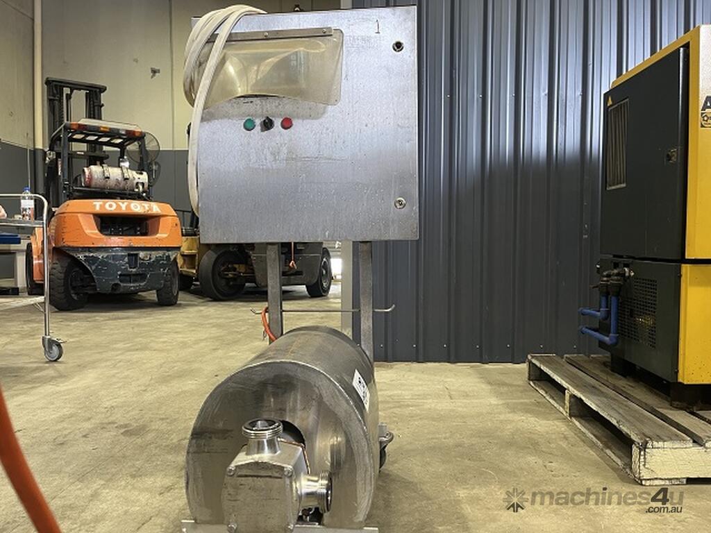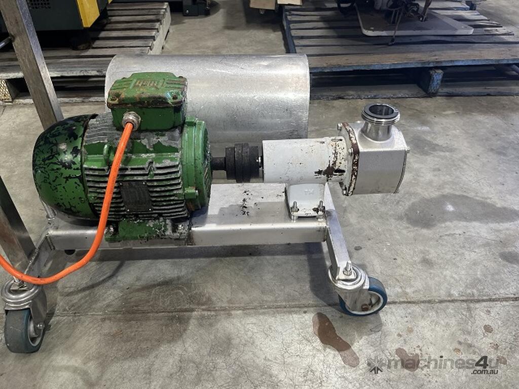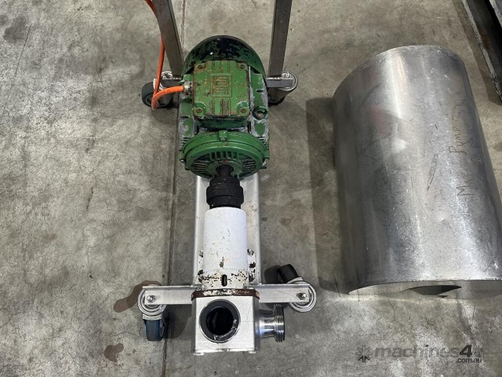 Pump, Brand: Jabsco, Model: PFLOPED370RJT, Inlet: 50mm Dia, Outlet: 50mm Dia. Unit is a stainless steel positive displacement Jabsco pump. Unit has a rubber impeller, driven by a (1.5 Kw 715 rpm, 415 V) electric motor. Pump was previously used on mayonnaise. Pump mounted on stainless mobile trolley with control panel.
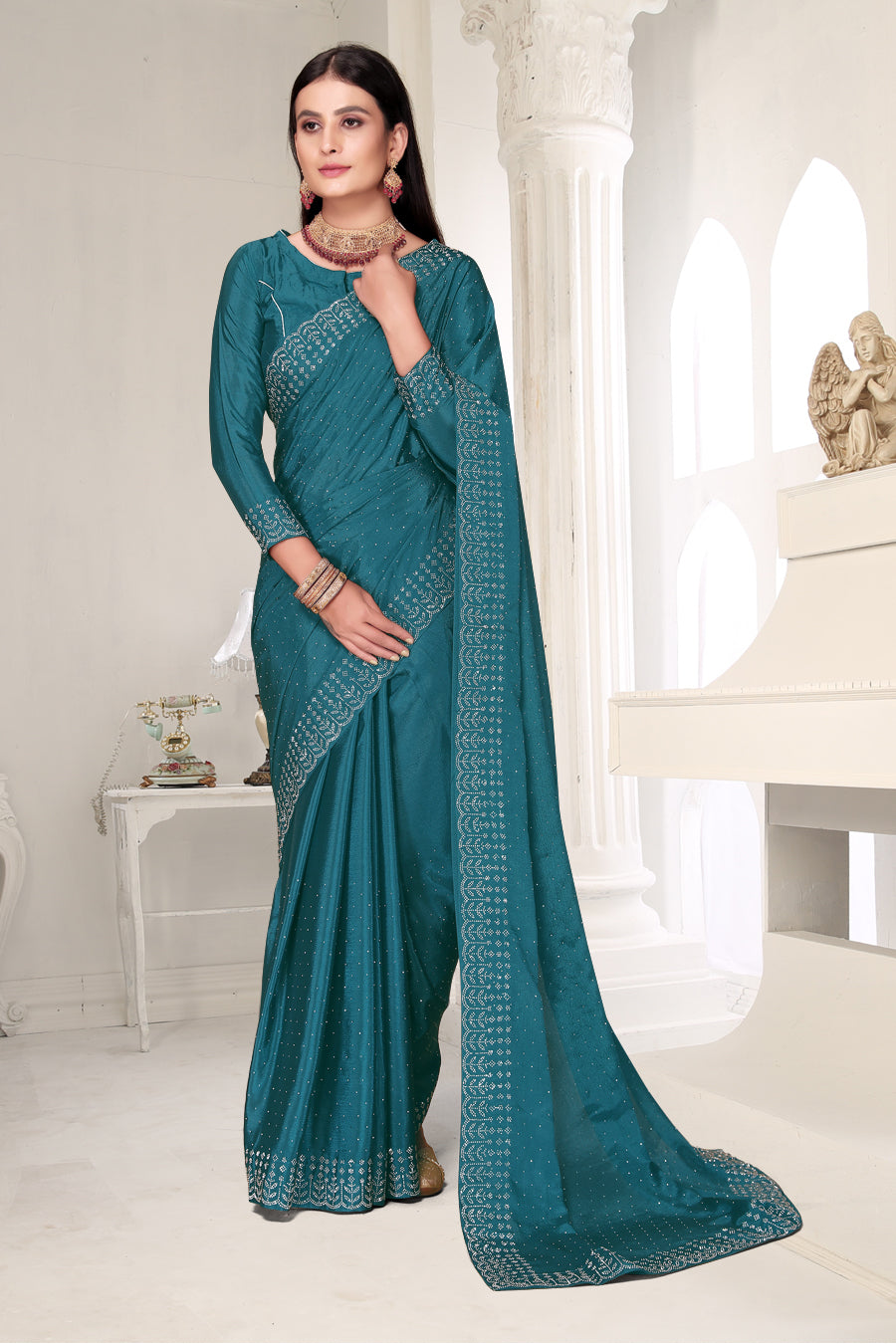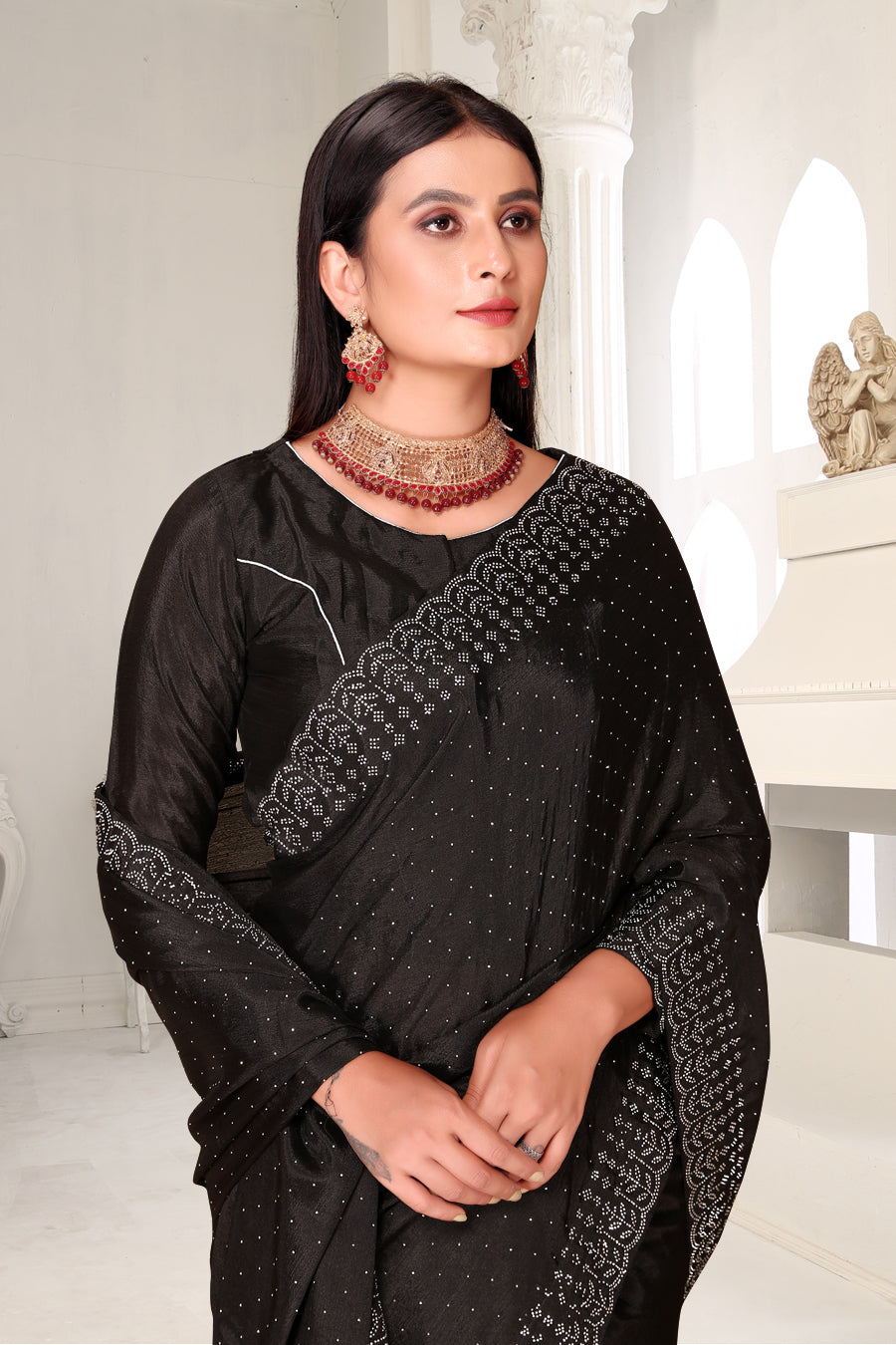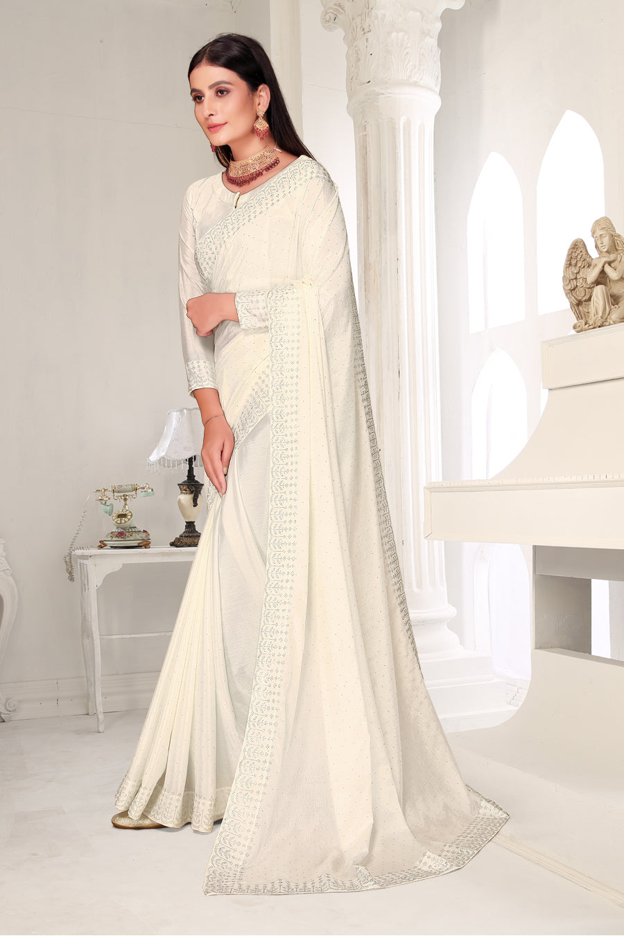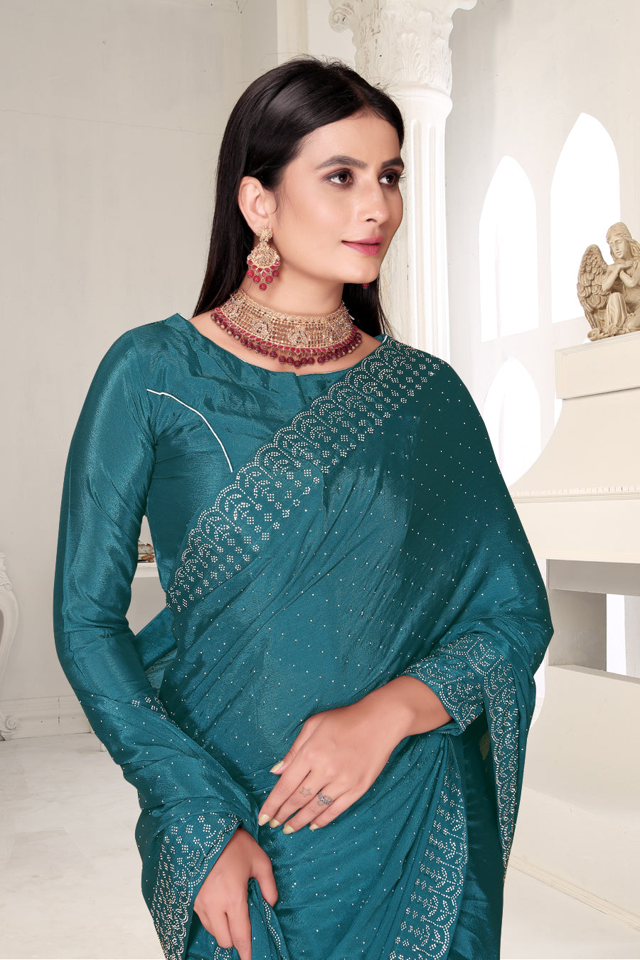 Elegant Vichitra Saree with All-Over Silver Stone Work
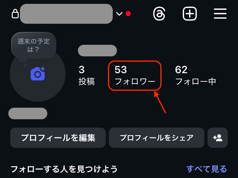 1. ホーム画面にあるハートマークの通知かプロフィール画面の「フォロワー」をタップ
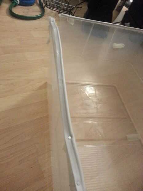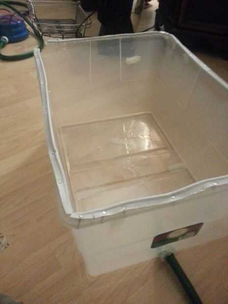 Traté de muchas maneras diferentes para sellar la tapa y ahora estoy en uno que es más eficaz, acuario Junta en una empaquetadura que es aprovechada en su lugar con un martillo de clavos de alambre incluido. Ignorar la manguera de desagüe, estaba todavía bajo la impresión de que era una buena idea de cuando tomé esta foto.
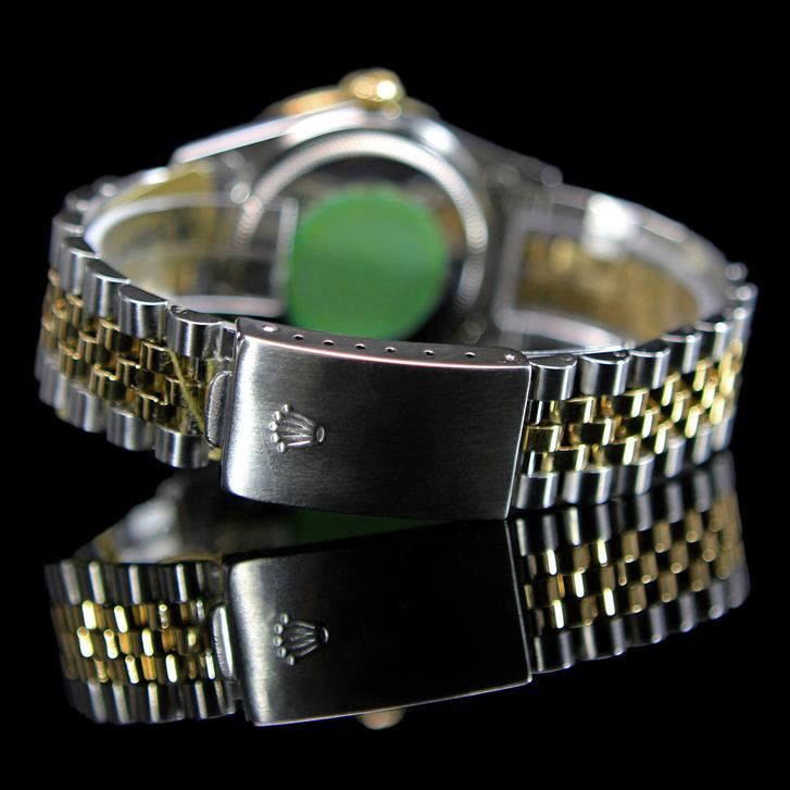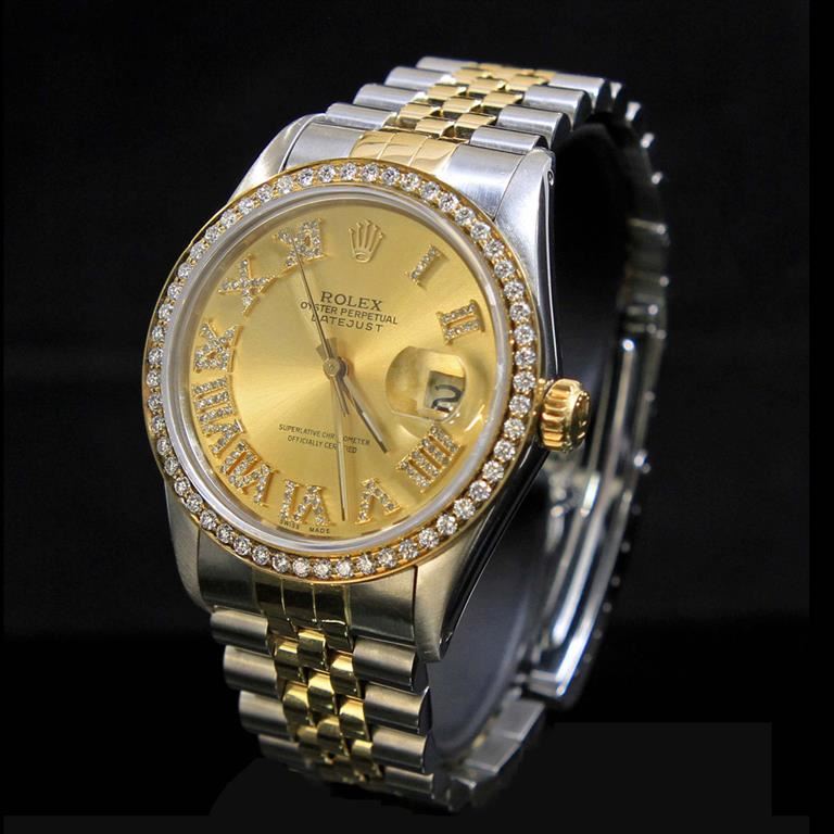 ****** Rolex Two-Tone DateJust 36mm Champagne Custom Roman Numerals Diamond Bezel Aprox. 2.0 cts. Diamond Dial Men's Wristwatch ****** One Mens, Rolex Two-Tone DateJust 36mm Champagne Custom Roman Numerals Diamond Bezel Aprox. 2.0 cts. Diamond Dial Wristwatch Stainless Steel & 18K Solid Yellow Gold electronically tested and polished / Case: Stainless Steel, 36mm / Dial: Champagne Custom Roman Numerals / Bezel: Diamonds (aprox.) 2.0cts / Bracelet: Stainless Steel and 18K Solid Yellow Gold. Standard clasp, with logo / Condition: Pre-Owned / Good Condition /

○ ○ ○ ○

**What to do:** Set down exactly the lines running from the beginning of the entries above to the line that contains "1. ホーム画面にあるハート", including both, and leave out pictures.

**Response to this exercise:**
 Pump, Brand: Jabsco, Model: PFLOPED370RJT, Inlet: 50mm Dia, Outlet: 50mm Dia. Unit is a stainless steel positive displacement Jabsco pump. Unit has a rubber impeller, driven by a (1.5 Kw 715 rpm, 415 V) electric motor. Pump was previously used on mayonnaise. Pump mounted on stainless mobile trolley with control panel.
 Elegant Vichitra Saree with All-Over Silver Stone Work
 1. ホーム画面にあるハートマークの通知かプロフィール画面の「フォロワー」をタップ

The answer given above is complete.